Cuando Federico Falco habla de su pueblo parece andar sobre cáscaras de huevo: cuida cada palabra sobre un lugar que lo abrumaba pero que aprendió a querer. Si habla sobre literatura, en cambio, arriesga más y dice que las historias no tienen por qué enseñar.

Recuperar la eterna inocencia

Hay mentiras blancas. Las que tienen que ver con hazañas personales son mentiras blancas. Los pescadores cuentan hazañas inverosímiles para entretener, y en eso hay un gesto primitivo: está el placer de contar una historia y de reconocer en el otro el placer de escuchar esa historia. Es interesante: te das cuenta de que están mintiendo y seguís escuchando porque te ponés en contacto con el otro. ¿Es real? ¿Es mentira? No importa. Hay en ellos un esfuerzo por compartir y entretener, y compartir y entretener no deja de ser un gesto de cariño. Cuando pongo estos ejemplos de pescadores, imagino una gran mesa de gente y que alguien toma la palabra. No debe ser muy distinto del primer cavernícola que llegó y contó las hazañas que sucedieron del otro lado de las montañas. Esa escena –una apuesta en comunidad alrededor del fuego– se ve fácilmente en la literatura medieval; en cambio la literatura contemporánea se perdió en un rulo de búsqueda experimental o de pensarse a sí misma como arte, cosa que me parece superimportante, pero que no se olvide esa otra parte: dar el texto como regalo, que sea un agasajo.

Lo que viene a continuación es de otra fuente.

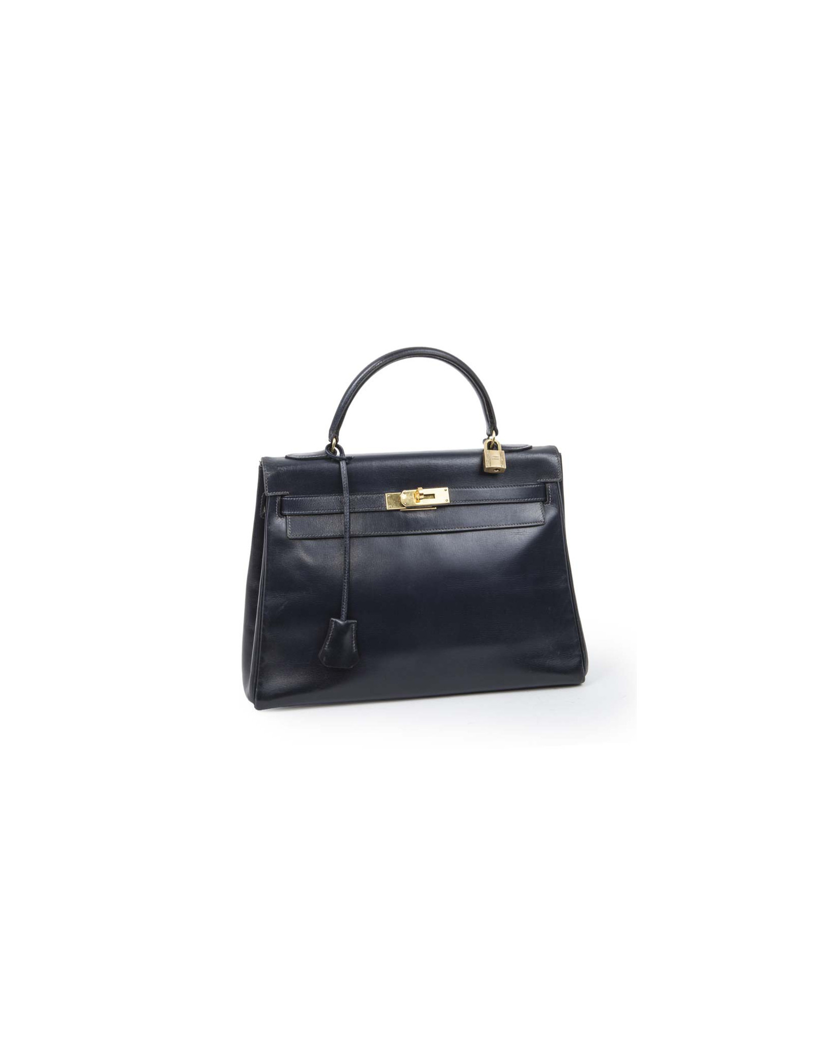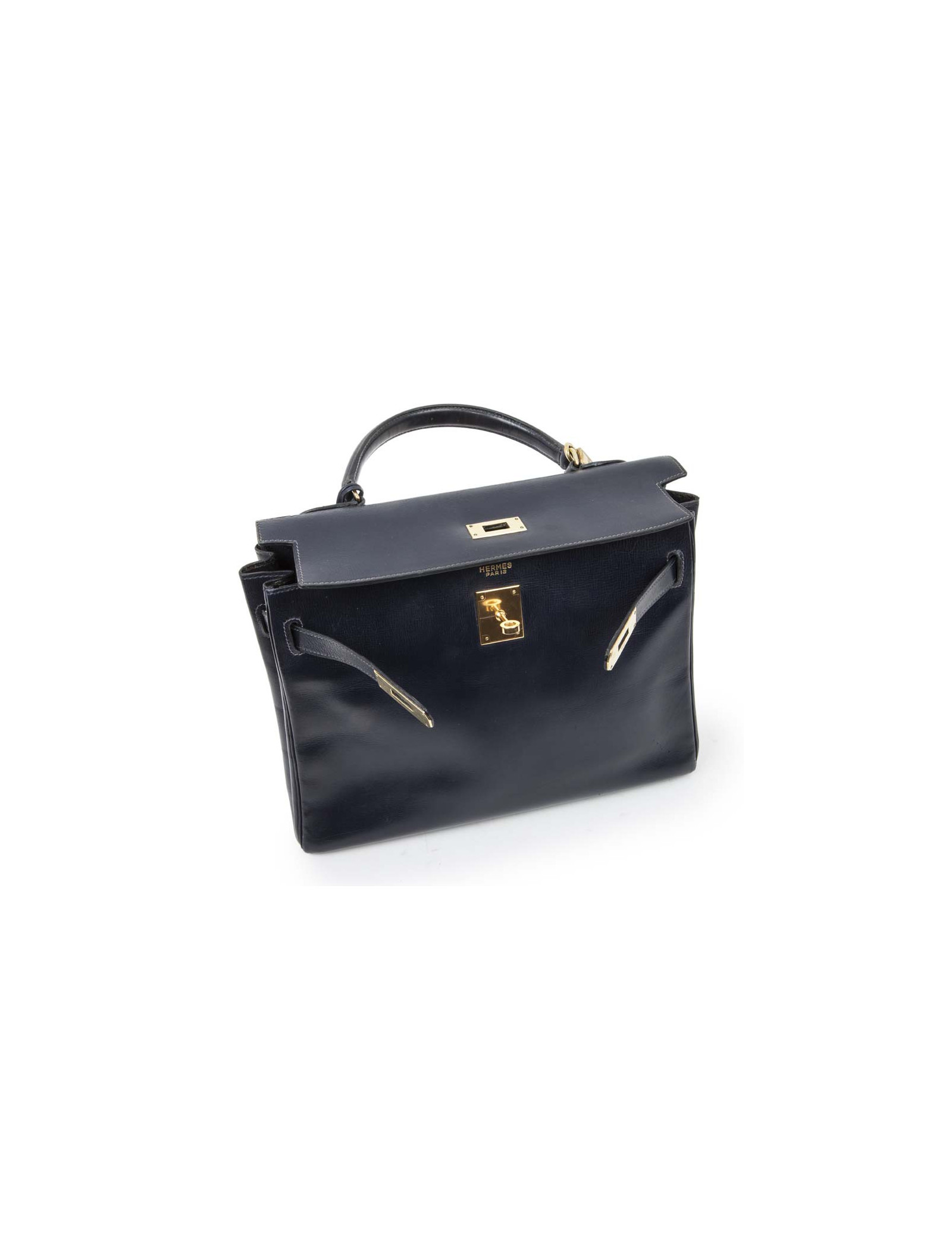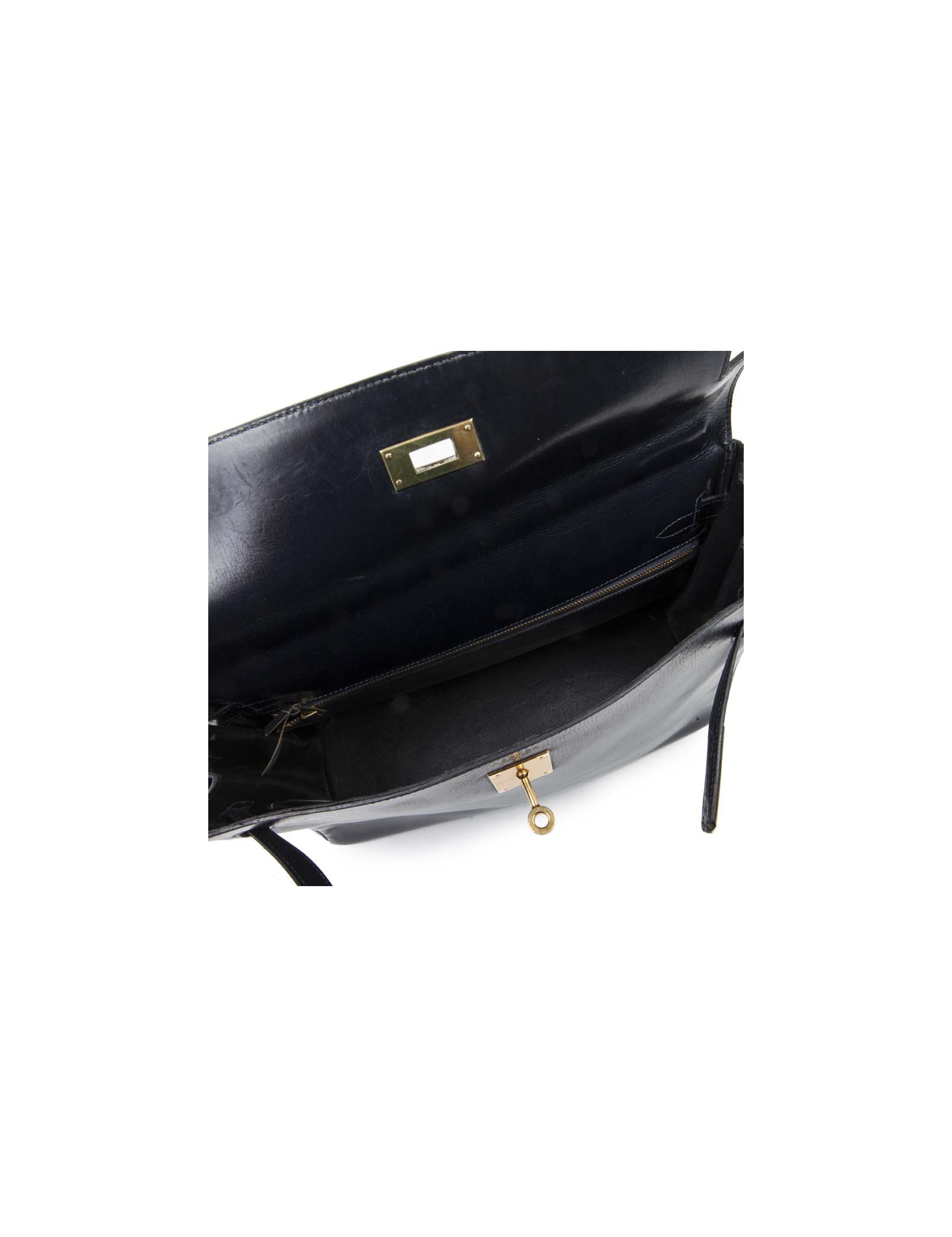Vintage! Sac Kelly 32 en cuir box bleu nuit de la Maison Hermès. Lettre T année 1964. Bijouterie dorée. Tirette, clochette, cadenas et clefs. A l'intérieur, 3 poches plaquées dont 1 zippée. Etat vintage. Usure des coins : 2 coins arrière très légèrement déchirés, les deux coins avant juste usés.
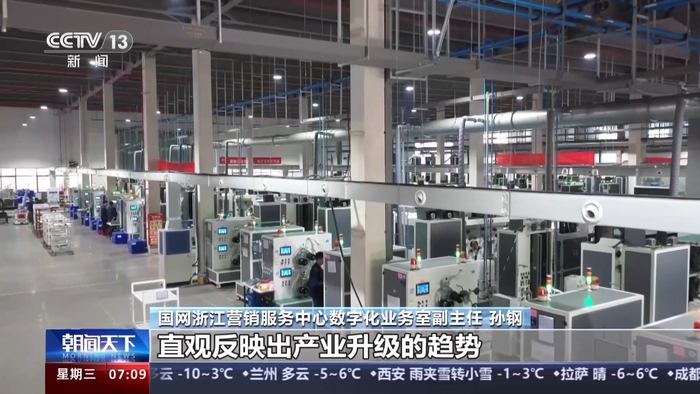 国网浙江营销服务中心数字化业务室副主任 孙钢:浙江工业用电正呈现出“一加一减”,直观反映出产业升级的趋势。“减”体现在铝冶炼这些高载能行业,用电量同比下降13.32%,光伏设备及元器件制造业用电量则在做“加法”。
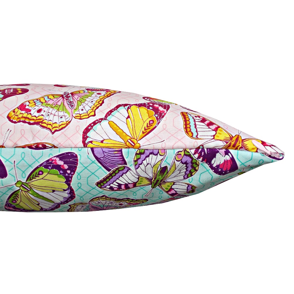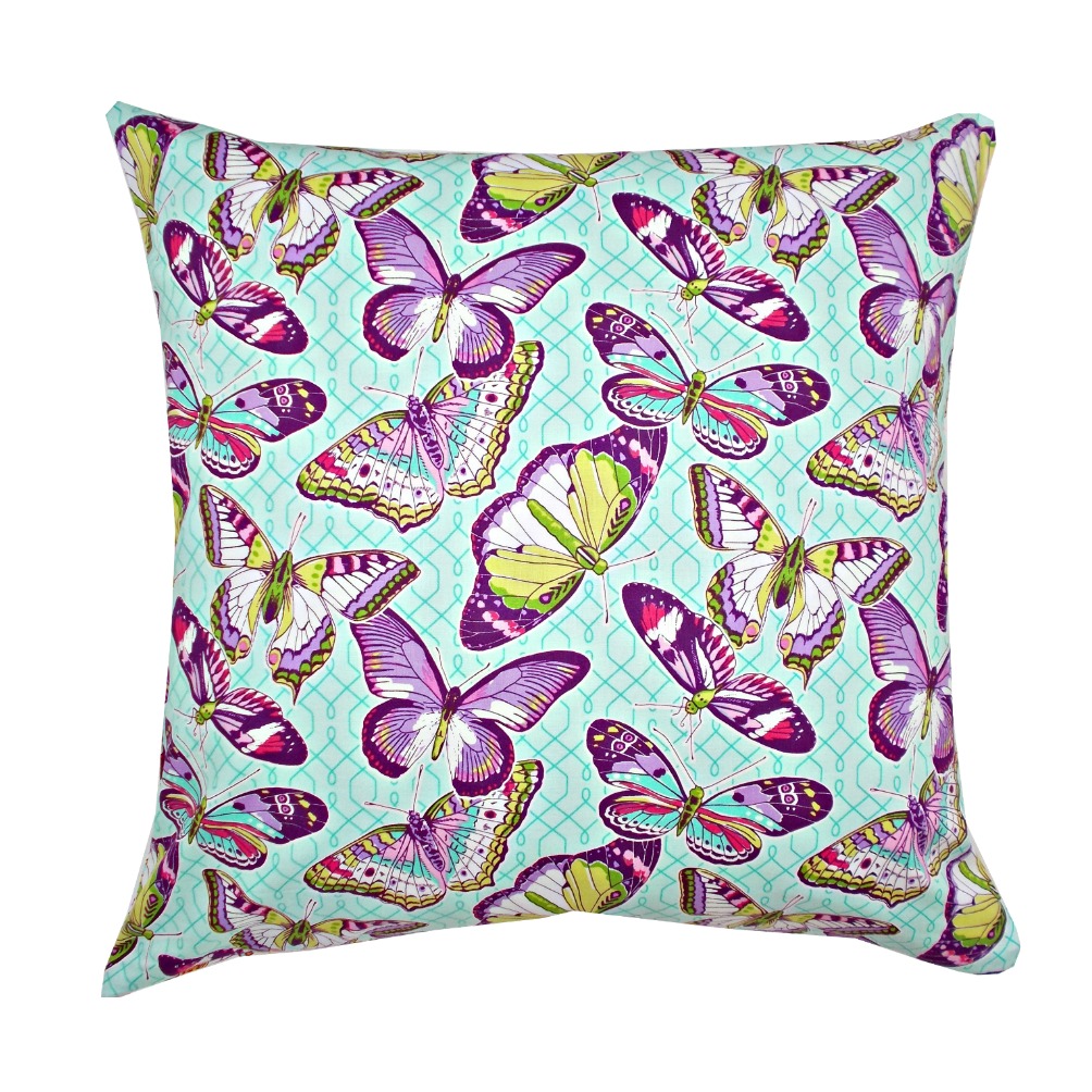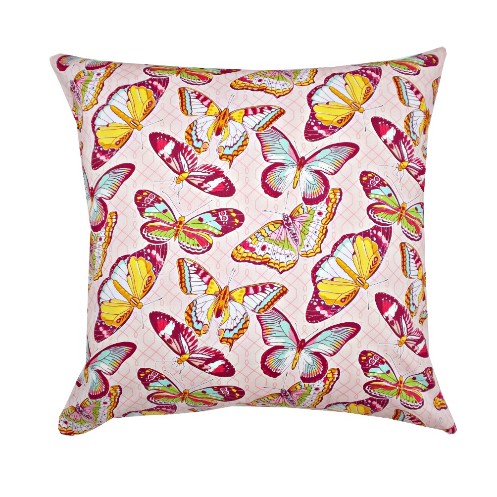 Aceasta fata de perna decorativa cu fluturasi este potrivita pentru a imbraca o perna 40 x 40cm cu umplutura la alegere.
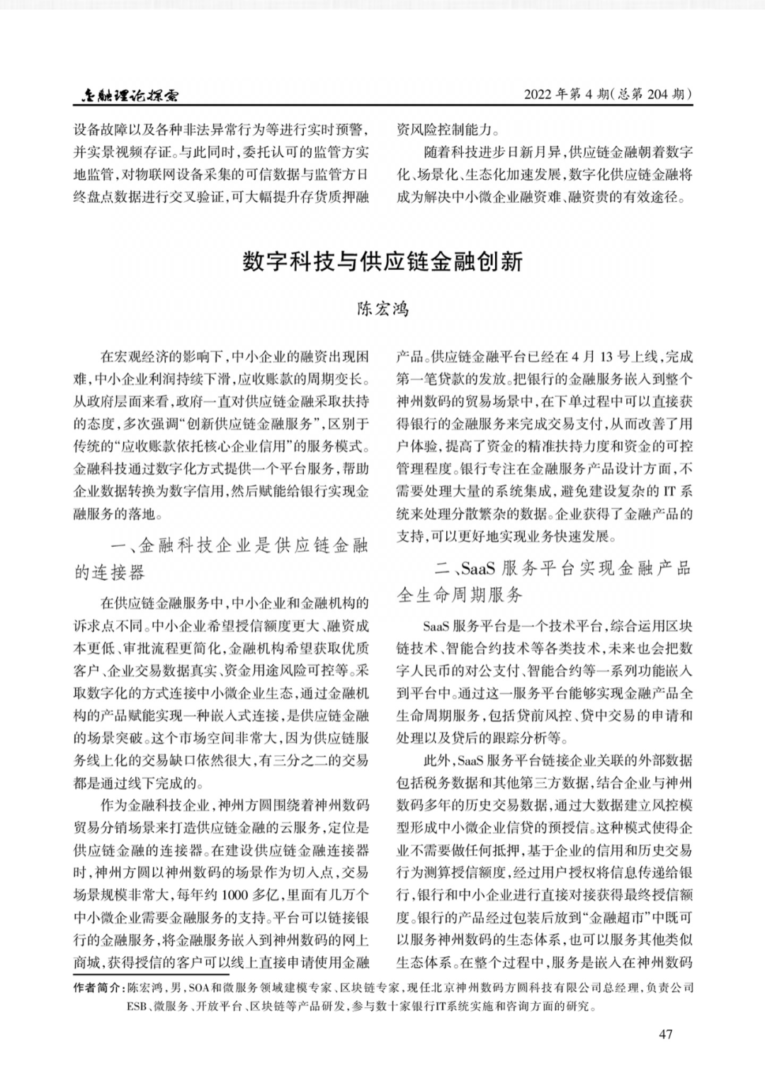 神州信息撰写的《数字科技与供应链金融创新》于2022年第4期刊载。

Me interesa que las historias no enseñen nada. Casi todo el tiempo estamos haciendo cosas útiles: para aprender, para que nos paguen, para ascender. No sé si esto sea importante. Si algo es importante en todo caso, sería recuperar la inutilidad. Si vos lees mi libro 222 patitos para aprender algo, no vas a aprender nada. A mí me interesa leer para pasarla bien, para recuperar el goce estético, el disfrute. Tener la capacidad de disfrutar de la belleza, tener ansia de generar belleza, nos hace humanos. Cada vez que llego a ese lugar de fantasmas –qué van a decir, qué van a opinar– fracaso en el texto. Mi trabajo es recuperar la inocencia, la libertad primera.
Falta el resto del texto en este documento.